Il Forum Economico Eurasiatico di Verona si sposta quest’anno a Istanbul, dove il 30 e 31 ottobre 2025 si terrà la sua diciottesima edizione al Çırağan Palace. L’evento, promosso dall’Associazione Conoscere Eurasia in collaborazione con la Roscongress Foundation, avrà come tema Nuova energia per nuove realtà economiche e riunirà rappresentanti del mondo politico, economico e imprenditoriale da decine di Paesi.
Dopo quattordici edizioni a Verona e tre tappe internazionali — a Baku, Samarcanda e Ras al-Khaimah — il Forum prosegue il suo percorso itinerante, scegliendo la Turchia come nuova sede di confronto tra Europa e spazio eurasiatico. L’obiettivo è favorire il dialogo e le opportunità di business in un contesto geopolitico sempre più complesso, rafforzando la cooperazione tra Occidente e Grande Eurasia.
Tra le novità di questa edizione, un’area collettiva dedicata alle imprese, pensata come piattaforma di incontro tra aziende italiane, turche e russe. Lo spazio offrirà l’occasione di presentare progetti, valorizzare il made in Italy, il made in Turkey e il made in Russia, e creare nuove partnership strategiche.
La Turchia, ponte tra Est e Ovest
Con un PIL di circa 1.320 miliardi di dollari nel 2024 e una crescita stimata al +3,1% nel 2025, la Turchia è oggi la 17ª economia mondiale e membro del G20 e dell’OCSE. Il Paese ha acquisito un ruolo crescente nella sicurezza e nell’economia globale, anche grazie alla sua industria della difesa e alla posizione strategica nel Mar Nero.
I rapporti con l’Italia restano solidi: nel 2024 l’interscambio commerciale tra i due Paesi ha toccato 29,7 miliardi di euro, con un saldo positivo per l’Italia di oltre 5,5 miliardi. L’Italia è il quarto mercato di destinazione per l’export turco e il decimo mercato di sbocco per quello italiano, con oltre 430 imprese italiane già attive in Turchia.

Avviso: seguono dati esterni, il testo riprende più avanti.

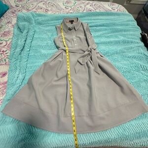 This elegant sundress by Jones New York features a classic dress shirt collar and a tie front for a flattering silhouette. The sleeveless design and midi length make it perfect for both casual outings and work settings. Available in a sophisticated gray stripe, this dress is a versatile addition to any wardrobe.
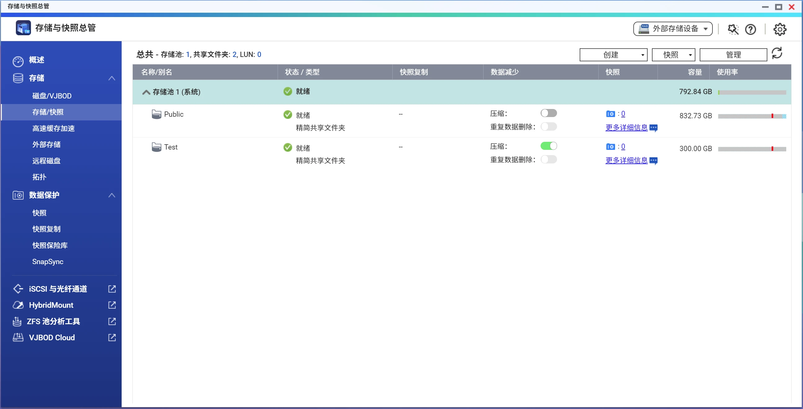 快照功能一直是威联通的杀手锏,威联通快照为数据提供区块链保护。快照可以记录厚卷、精简卷或区块 iSCSI LUN 在特定时间点的状态。意外删除或修改快照中的数据时,可将其迅速恢复至该状态。
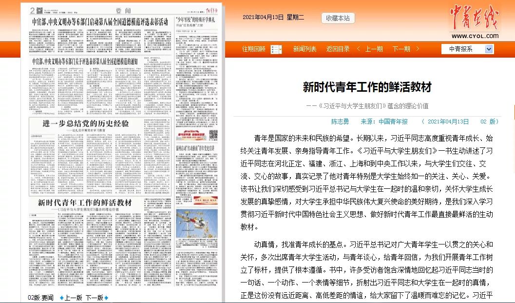 4月13日,我校副校长陈志勇教授署名理论文章《新时代青年工作的鲜活教材——<习近平与大学生朋友们>蕴含的理论价值》在《中国青年报》第2版刊发。(科研处)
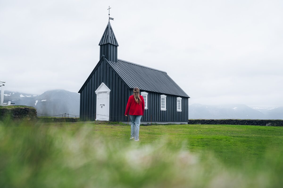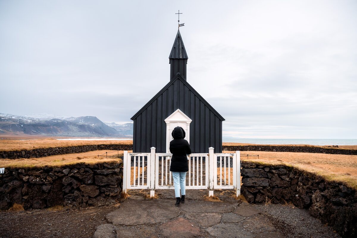 Just east of Arnarstapi, we stop at Búðakirkja, a striking 19th-century black wooden church set against the dramatic Icelandic landscape. This simple yet beautiful church has become an iconic symbol of the peninsula.
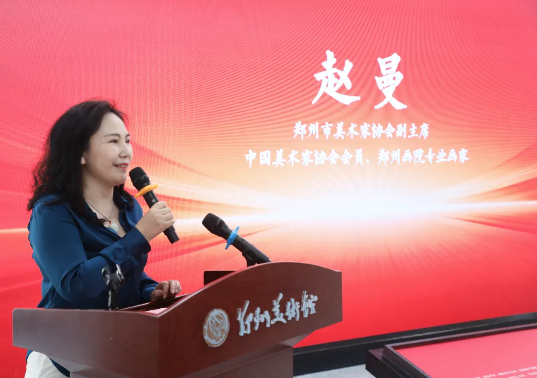 郑州市美协副主席、郑州画院艺术家赵曼在致辞中对各级领导给予展览的大力支持表示感谢,并向远道而来的马鞍山艺术家一行致以热烈欢迎。她谈到,马鞍山艺术家们功底扎实、创作精良,参展作品精心打磨、诚意满满,双方在交流中互学互鉴、启迪思路,有效汲取了新的艺术观念与表现手法。期待以本次展览为起点,以艺术为媒,在长江与黄河的文脉传承中开展长期对话、实现深度交融。

Nove sessioni per raccontare la nuova economia globale
Il programma del Forum si aprirà con una sessione dedicata al ruolo della Turchia nell’economia mondiale e proseguirà con nove panel tematici: energia e sostenibilità, cambiamento globale, rilancio del manifatturiero, trasporti e logistica, turismo, finanza e innovazione digitale, produzione alimentare e crescita sostenibile.
I lavori si svolgeranno in italiano, inglese, russo e turco, con partecipazione gratuita previa registrazione su forumverona.com, dove sarà disponibile anche la diretta streaming. Il percorso di avvicinamento all’evento sarà raccontato dal magazine Pluralia.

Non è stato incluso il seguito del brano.